We investigate the electronic structure of a planar mononuclear Cu-based molecule [Cu(C₆H₄S₂)₂]^z in two oxidation states (z = -2, -1) using density-functional theory (DFT) with Fermi-Löwdin orbital (FLO) self-interaction correction (SIC). The dianionic Cu-based molecule was proposed to be a promising qubit candidate. Self-interaction error within approximate DFT functionals renders severe delocalization of electron and spin densities arising from 3d orbitals. The FLO-SIC method relies on optimization of Fermi-Löwdin orbital descriptors (FODs) with which localized occupied orbitals are constructed to create SIC potentials. Starting with many initial sets of FODs, we employ a frozen-density loop algorithm within the FLO-SIC method to study the Cu-based molecule. We find that the electronic structure of the molecule remains unchanged despite somewhat different final FOD configurations. In the dianionic state (spin S = 1/2), FLO-SIC spin density originates from the Cu d and S p orbitals with an approximate ratio of 2:1, in quantitative agreement with multireference calculations, while in the case of SIC-free DFT, the orbital ratio is reversed. Overall, FLO-SIC lowers the energies of the occupied orbitals and, in particular, the 3d orbitals unhybridized with the ligands significantly, which substantially increases the energy gap between the highest occupied molecular orbital (HOMO) and the lowest unoccupied molecular orbital (LUMO) compared to SIC-free DFT results. The FLO-SIC HOMO-LUMO gap of the dianionic state is larger than that of the monoanionic state, which is consistent with experiment. Our results suggest a positive outlook of the FLO-SIC method in the description of magnetic exchange coupling within 3d-element-based systems.

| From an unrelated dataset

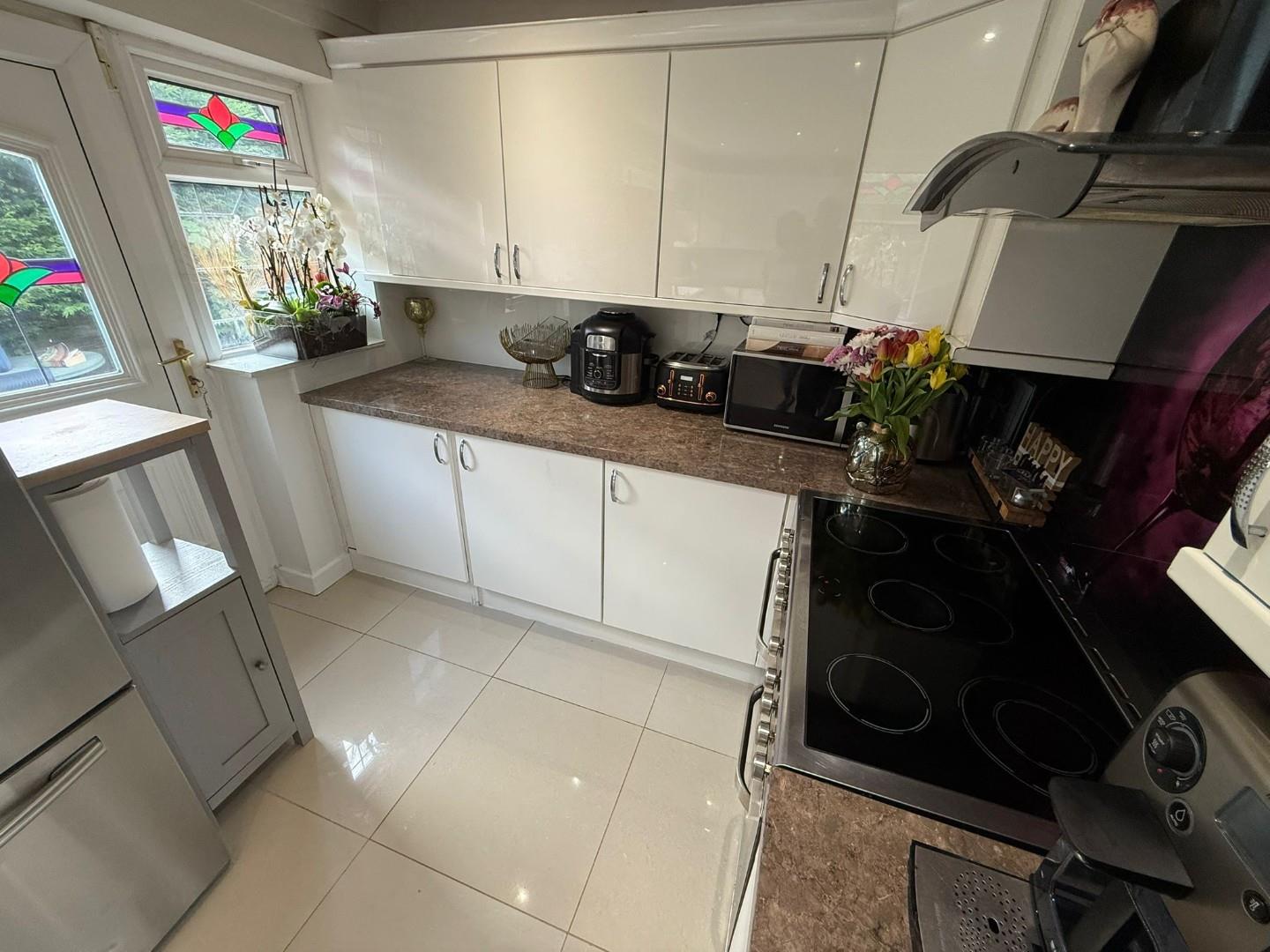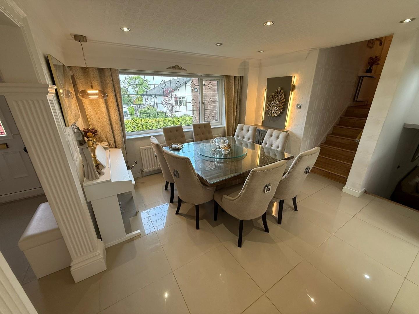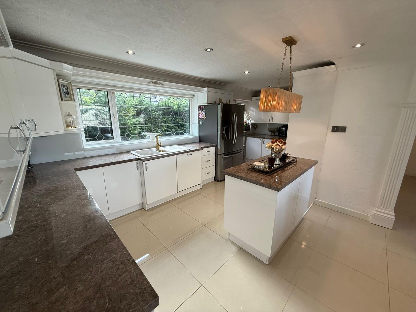 Pleasantly appointed kitchen with a range of wall & base units in gloss white with contrasting worktops. Central island, Electric range style cooker with extraction system over, space for American fridge freezer, integrated dishwasher. Dining are with bay window to the front, kitchen has windows to the side ands access onto the side patio. Polished tiled flooring.
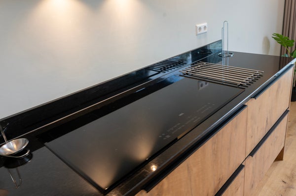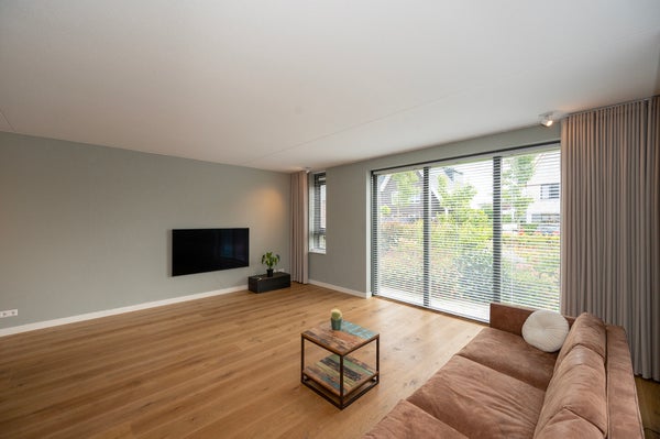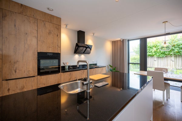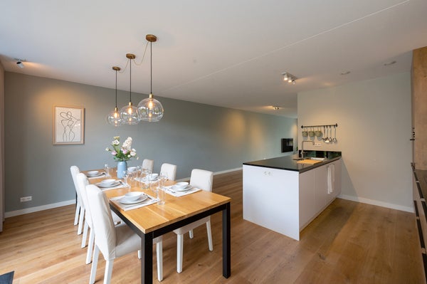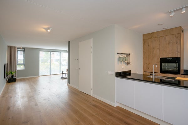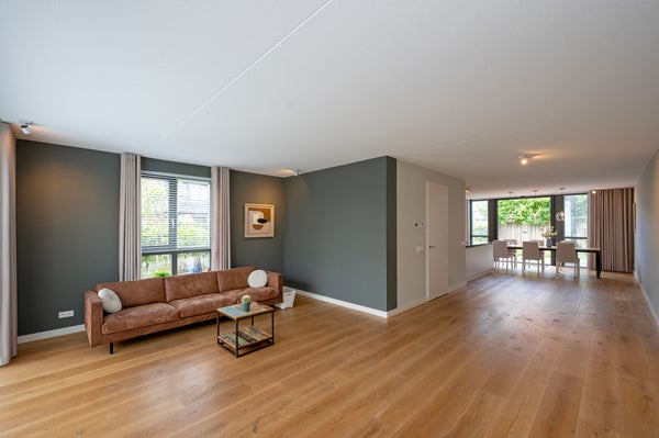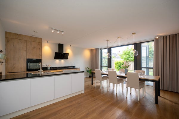 Bij binnenkomst betreedt u een ruime hal die toegang biedt tot de royale woonkamer en de trap naar de eerste verdieping. Tevens bevindt zich hier een separaat toilet. De woonkamer is voorzien van een parketvloer en grote ramen, waardoor veel natuurlijk licht binnenvalt. Aan de achterzijde van de woning bevindt zich de moderne open keuken met een grote eettafel. De keuken is uitgerust met hoogwaardige inbouwapparatuur, waaronder een luxe 5-pits inductiekookplaat, stoomoven, heetwaterkraan, koelkast en dubbele vriezer, afzuigkap, vaatwasser en voldoende kastruimte. Via de openslaande deuren is de riante tuin bereikbaar. Aan de voorzijde van de woning bevindt zich een gezellige zithoek met bank en tv.

Describing adsorption of benzene, thiophene, and xenon on coinage metals by using the Zaremba-Kohn theory-based model

Semilocal (SL) density functional approximations (DFAs) are widely applied but have limitations due to their inability to incorporate long-range van der Waals (vdW) interaction. Non-local functionals (vdW-DF, VV10, and rVV10) or empirical methods (DFT+D, DFT+vdW, and DFT+MBD) are used with SL-DFAs to account for such missing interaction. The physisorption of a molecule on the surface of the coinage metals (Cu, Ag, and Au) is a typical example of systems where vdW interaction is significant. However, it is difficult to find a general method that reasonably describes both adsorption energy and geometry of even the simple prototypes of cyclic and heterocyclic aromatic molecules such as benzene (C₆H₆) and thiophene (C₄H₄S), respectively, with reasonable accuracy. In this work, we present an alternative scheme based on Zaremba-Kohn theory, called DFT+vdW-dZK. We show that unlike other popular methods, DFT+vdW-dZK and particularly SCAN+vdW-dZK give an accurate description of the physisorption of a rare-gas atom (xenon) and two small albeit diverse prototype organic molecules on the (111) surfaces of the coinage metals.